What to say in a space like the afterword is, more than anything else, up to an author’s personality, but putting that aside, when you’re reading novels and comics and such, you do get a sense of “the author’s assertions” from the narrative itself and not just in his or her explicit remarks. Calling them assertions is a bit of an overstatement, but my point is that there are types of narratives out there where you can begin to see what the author “thinks of as right” when you read them. It’s not as if these creators appear directly in the story to talk about what they think is right or wrong or what it is that they like or dislike, but as you’re reading, you can begin to read the story in that vein… It’s really just a matter of interpretation, of course, and readers are never going to know for sure unless they ask (even if they do ask?) the author point-blank. Still, well, I feel like this phenomenon occurs specifically with novels and comics, or at least more easily with them. Since the creator being an “individual” is clearer, in other words. That makes it so that philosophies don’t, or at least are less likely to, get mixed in. When the scale of production gets big, like in movies or dramas, and maybe even in music, which is to say when there are multiple authors, their philosophies get mixed in from their various standpoints, and it tempers each individual’s assertions and brings forth a “work” that’s independent from any one person’s humanity, while it doesn’t seem to go that way as much for smaller-scale creations like novels and comics. I want to say there’s an advantage in that since you’re able to enjoy an “individual,” and that’s part of what I like about books, but our age is unmistakably moving in a direction that doesn’t find value in the individual, and I feel like the true crisis facing the publishing industry might lie there. Personally.

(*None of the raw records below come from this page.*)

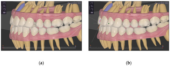 Regarding the phase of orthodontic planning, the present system allowed using the teeth position achieved after condylar repositioning (Figure 5) as the initial position for digital planning of orthodontics (Figure 7a). Conventionally, the planning of orthodontic treatment in patients previously treated with oral appliances for the temporomandibular joint disease involves using temporary occlusal composite bite blocks necessary to increase the vertical dimension to allow teeth extrusion [19]. However, the present system has overcome this necessity, allowing a complete one-stage digital planning.
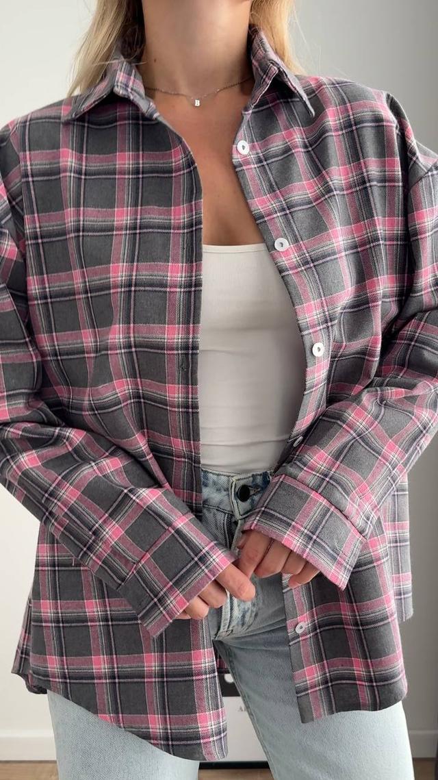 Молодіжна жіноча сорочка в клітинку вільного фасону (р. 42-46)
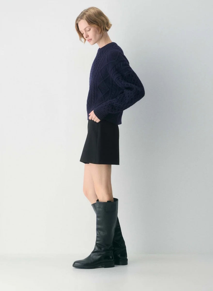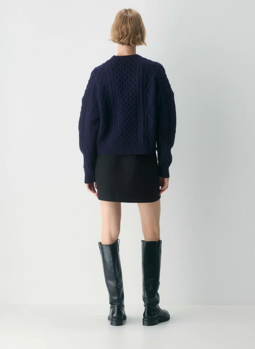 Cable-knit, 100% extra-fine merino wool crewneck sweater
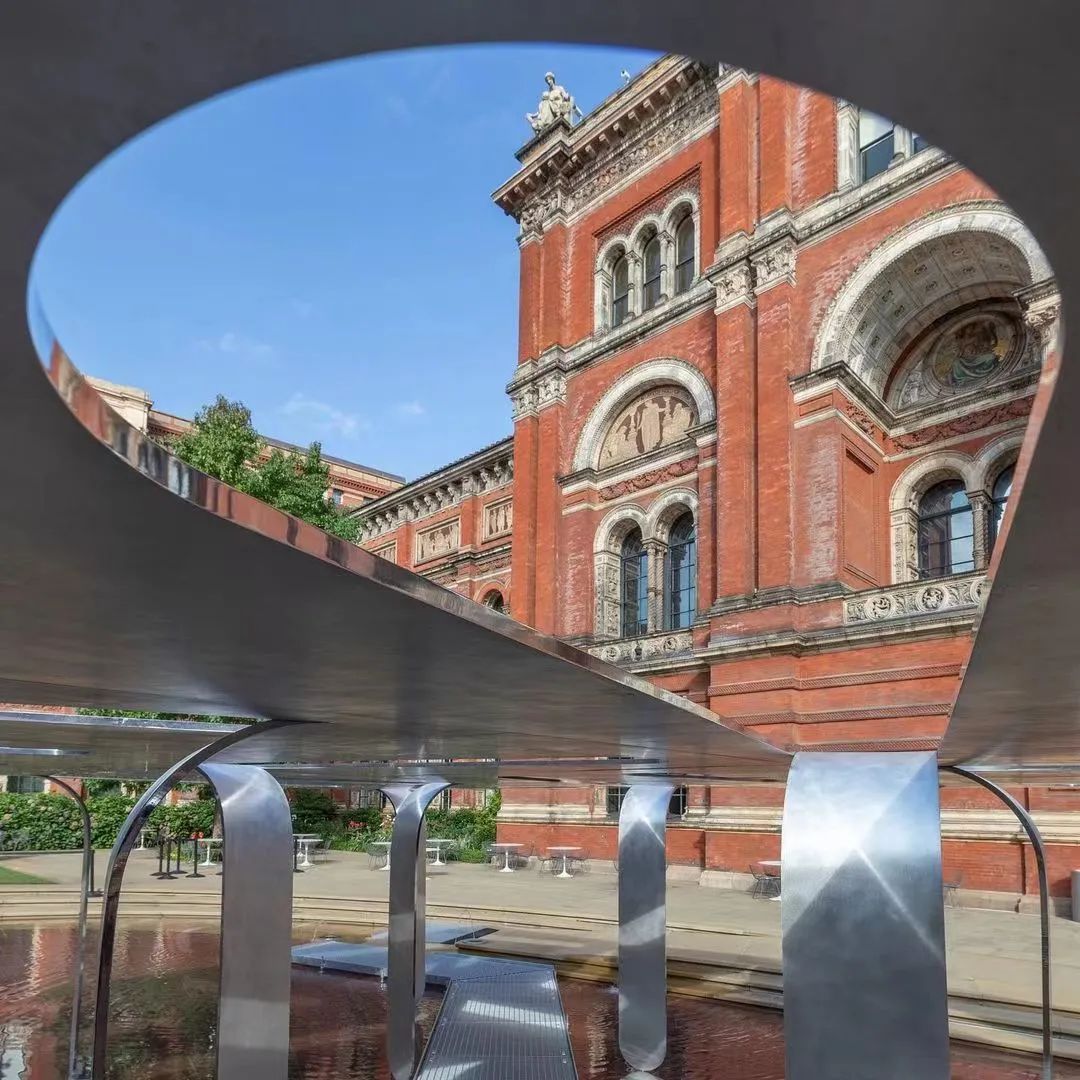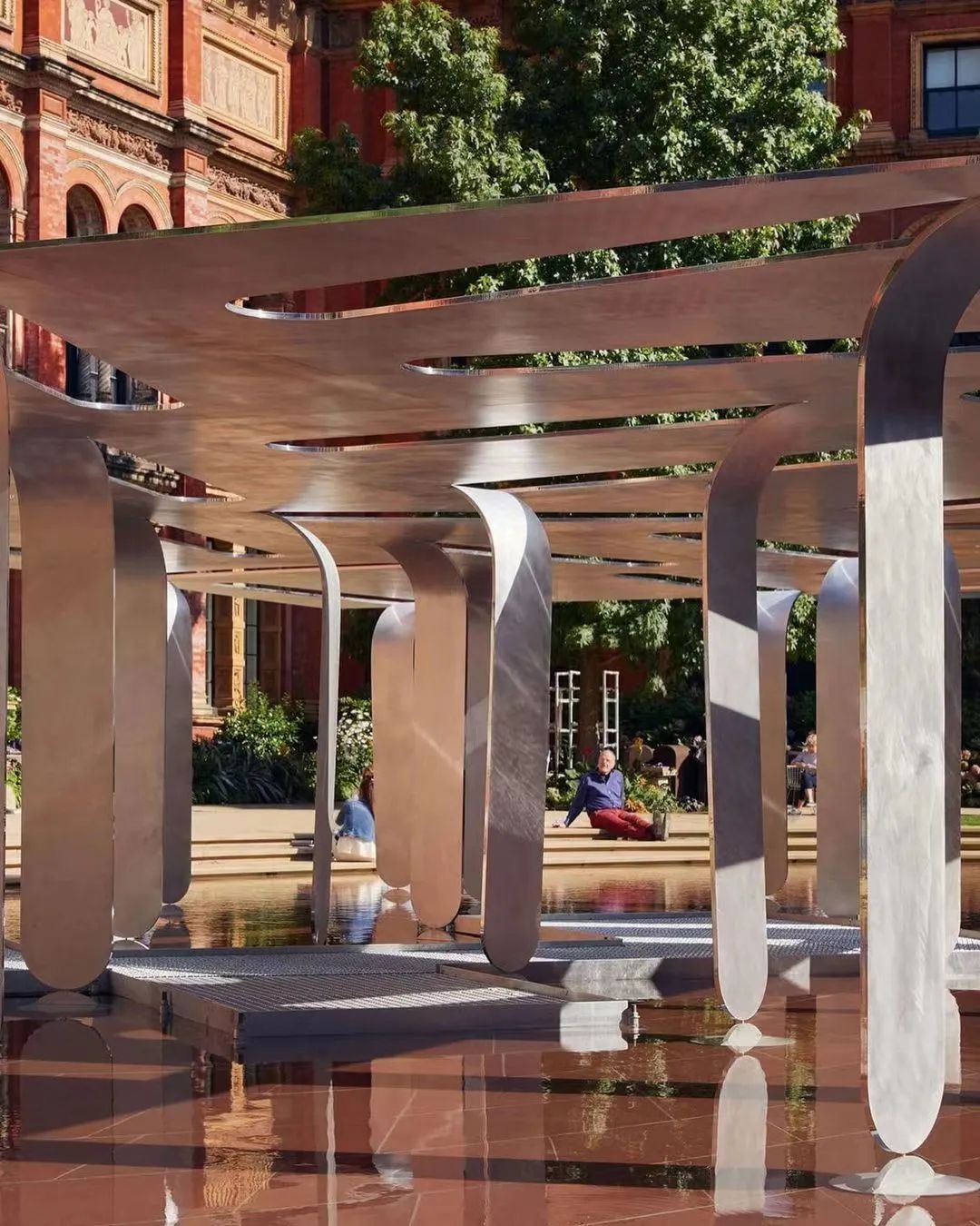 受 V&A 博物館委託,總部位於倫敦的跨領域設計工作室 Nebbia Works 在博物館內的約翰馬德斯基花園(John Madejski)中設計了一個沉浸式的低碳鋁展示空間。

That being said, you probably won’t sense any philosophy or assertions to speak of from this book, which is just a novel where Nadeko Sengoku is as cute as can be. If you really wanted to, you could call it a story that tries to ask what cuteness is. But anyway, this volume marks the start of the sprint toward the end of the MONOGATARI series’ second season. The next title, ONIMONOGATARI, will likely depict the somewhat non-chronological burning of the abandoned cram school, while the final title, KOIMONOGATARI, will likely be about our characters graduating. I suspect that I’ll end up writing a third season, but I do feel a bit emotional knowing that at last I’ll be placing a period on this long tale. You could say I’m in high spirits. All according to plan! And so that was “Chapter Chaos: Nadeko Medusa,” OTORIMONOGATARI, a novel written hundred-percent well from head to tail.

This is the first time we’re seeing Nadeko in color, isn’t it?* She looks wonderful. Thank you, VOFAN.

May we meet again in the last two installments.